*What the task asks:* Only one stretch of the data below is wanted: the lines starting at the one with "Rare Edwardian silver" and ending at the one with "Женские брюки-джогеры со", both included, given again exactly.

*Information given:*
+++

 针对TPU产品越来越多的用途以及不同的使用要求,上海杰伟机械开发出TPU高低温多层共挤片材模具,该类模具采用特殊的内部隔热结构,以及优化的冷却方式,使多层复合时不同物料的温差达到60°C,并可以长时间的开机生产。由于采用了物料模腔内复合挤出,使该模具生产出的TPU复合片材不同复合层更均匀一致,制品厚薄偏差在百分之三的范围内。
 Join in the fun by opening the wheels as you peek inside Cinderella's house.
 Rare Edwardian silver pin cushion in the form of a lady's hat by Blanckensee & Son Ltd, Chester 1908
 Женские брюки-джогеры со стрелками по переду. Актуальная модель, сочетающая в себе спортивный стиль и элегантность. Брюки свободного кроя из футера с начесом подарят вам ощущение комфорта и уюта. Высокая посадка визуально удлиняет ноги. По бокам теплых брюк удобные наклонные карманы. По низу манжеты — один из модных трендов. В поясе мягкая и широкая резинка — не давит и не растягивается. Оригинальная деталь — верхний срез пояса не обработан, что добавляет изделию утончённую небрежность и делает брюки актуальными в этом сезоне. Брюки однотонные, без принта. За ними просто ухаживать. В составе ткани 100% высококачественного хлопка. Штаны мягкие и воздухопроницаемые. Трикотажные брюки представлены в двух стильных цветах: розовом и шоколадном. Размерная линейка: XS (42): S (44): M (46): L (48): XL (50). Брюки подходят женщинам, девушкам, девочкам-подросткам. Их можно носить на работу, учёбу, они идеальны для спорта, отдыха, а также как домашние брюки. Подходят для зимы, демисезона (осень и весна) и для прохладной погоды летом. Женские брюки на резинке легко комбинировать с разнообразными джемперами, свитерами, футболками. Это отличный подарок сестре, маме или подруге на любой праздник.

+++

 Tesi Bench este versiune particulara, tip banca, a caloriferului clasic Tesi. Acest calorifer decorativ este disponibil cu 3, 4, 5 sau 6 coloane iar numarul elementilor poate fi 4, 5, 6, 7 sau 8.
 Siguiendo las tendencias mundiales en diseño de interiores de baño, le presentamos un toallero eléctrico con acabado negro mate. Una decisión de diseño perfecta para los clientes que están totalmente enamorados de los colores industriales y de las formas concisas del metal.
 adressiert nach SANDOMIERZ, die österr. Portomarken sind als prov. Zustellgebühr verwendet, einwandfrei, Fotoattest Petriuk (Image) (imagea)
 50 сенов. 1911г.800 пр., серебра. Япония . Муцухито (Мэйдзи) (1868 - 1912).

+++

*Solution:*
 Rare Edwardian silver pin cushion in the form of a lady's hat by Blanckensee & Son Ltd, Chester 1908
 Женские брюки-джогеры со стрелками по переду. Актуальная модель, сочетающая в себе спортивный стиль и элегантность. Брюки свободного кроя из футера с начесом подарят вам ощущение комфорта и уюта. Высокая посадка визуально удлиняет ноги. По бокам теплых брюк удобные наклонные карманы. По низу манжеты — один из модных трендов. В поясе мягкая и широкая резинка — не давит и не растягивается. Оригинальная деталь — верхний срез пояса не обработан, что добавляет изделию утончённую небрежность и делает брюки актуальными в этом сезоне. Брюки однотонные, без принта. За ними просто ухаживать. В составе ткани 100% высококачественного хлопка. Штаны мягкие и воздухопроницаемые. Трикотажные брюки представлены в двух стильных цветах: розовом и шоколадном. Размерная линейка: XS (42): S (44): M (46): L (48): XL (50). Брюки подходят женщинам, девушкам, девочкам-подросткам. Их можно носить на работу, учёбу, они идеальны для спорта, отдыха, а также как домашние брюки. Подходят для зимы, демисезона (осень и весна) и для прохладной погоды летом. Женские брюки на резинке легко комбинировать с разнообразными джемперами, свитерами, футболками. Это отличный подарок сестре, маме или подруге на любой праздник.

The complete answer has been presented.